Based on these requirements, the EDAS team began planning a new version of the EDAS automatic scaling feature. Meanwhile, EDAS introduced OAM in early 2020, overhauling its underlying core components. OAM provides EDAS with standardized, pluggable application definitions to replace its internal Kubernetes application CRD. The extensibility of the model enables EDAS to easily integrate with any new features of the Kubernetes community. In this case, the EDAS team attempted to combine the need for EDAS’s new auto-scaling feature with a standard implementation of OAM’s auto-scaling feature.

Based on the use cases, the EDAS team concluded three criteria:

  1. The auto-scaling feature should present itself as a simple atomic feature without the need to attach any complex solutions.
  2. Metrics should be pluggable, so the EDAS team can customize them and build on them to support various requirements.
  3. It requires out-of-the-box land support to scale to zero.
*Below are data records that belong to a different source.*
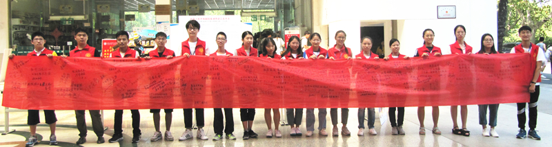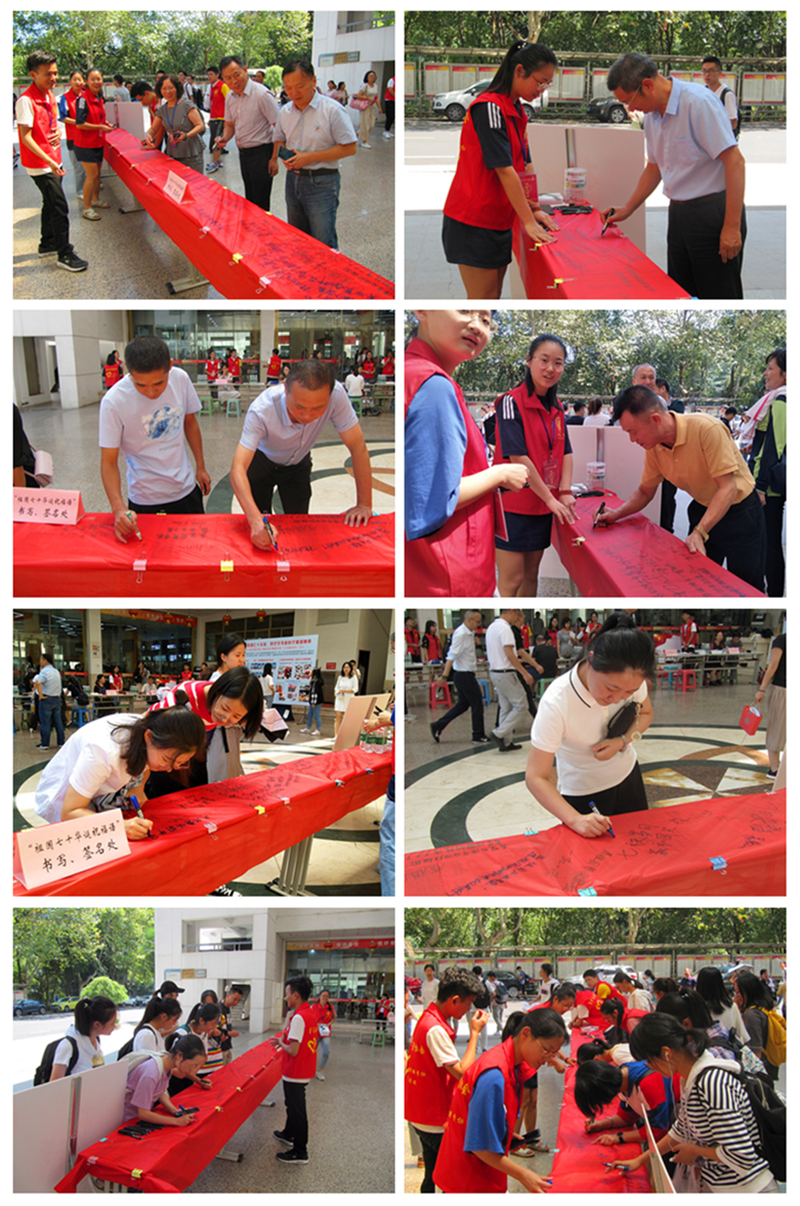 语言文字及普测中心工作进行了详细的了解和指导,同时,对校园推普宣传周活动表示赞赏和支持,领导们也积极地走到“中华人民共和国成立七十华诞祝福语签名台 ”像其他在场师生一样,真挚地写上自己对共和国七十华诞的祝福语并签上自己的名字。来到签名处的还有著名书法家刘建平教授及广大师生,大家纷纷书写着“我爱你.中国”、“祝福祖国繁荣昌盛”、“共和国万岁”等祝福留言,签名横幅上留下了几百位师生的姓名笔迹,表明了签名者对祖国真挚的情感和对普通话是校园最美丽的语言这一倡导的支持!
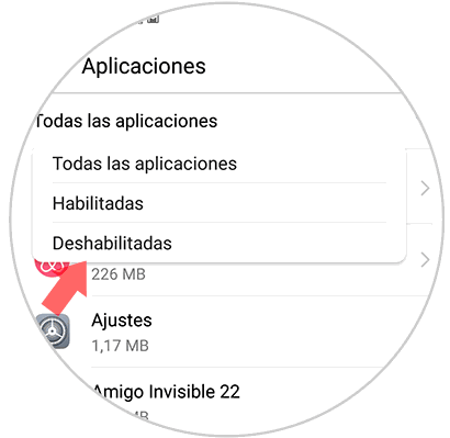 - Deshabilitadas: Al pulsar sobre ella te mostrará el listado de Apps ocultas
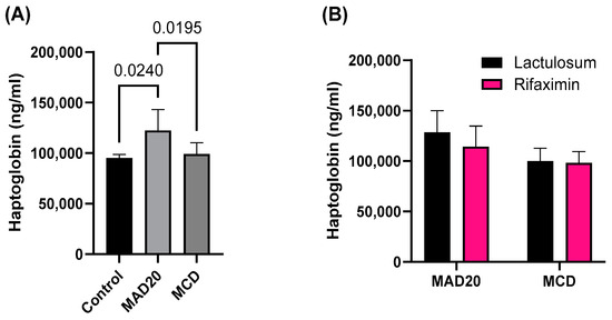 Plasma haptoglobin levels of male Wistar rats at the end of the 10-week experimental period. (A) Plasma haptoglobin levels of rats in the different experimental/dietary groups; (B) Plasma haptoglobin levels of rats in the MCD and MAD20 groups after receiving either Lactulosum or Rifaximin treatment. Data are presented as Mean ± SD. MCD—rats fed a diet free of methionine and choline, n = 8; MAD20—rats fed a modified MCD with 0.2% choline + 20% ammonium acetate, n = 8; Control—rats fed a regular rat chow diet, n = 4.

After a detailed evaluation, the EDAS team chose the KEDA project, which was open-source by Microsoft and Red Hat and has been donated to CNCF. KEDA provides several useful scalers by default and supports scaling to zero out of the box. It provides fine-grained automatic scaling for applications. It has the concepts of Scalar and Metric adapters, supports a powerful plug-in architecture, and provides a unified API layer. Most importantly, KEDA is designed to focus only on automatic scaling so that it can be easily integrated into OAM features. Overall, KEDA is a great fit for EDAS.

Looking to the future

Next, Alibaba is actively promoting aiOPs-driven KEDA features with the goal of bringing intelligent decisions to its automated scaling behavior. This will essentially realize automatic scaling decisions based on expert system and historical data analysis, and utilize the application QoS trigger and database measurement trigger newly implemented by Alibaba’s KEDA component. Therefore, we expect a more powerful, smarter, and more stable keDA-based auto scaling feature to be released in KEDA soon.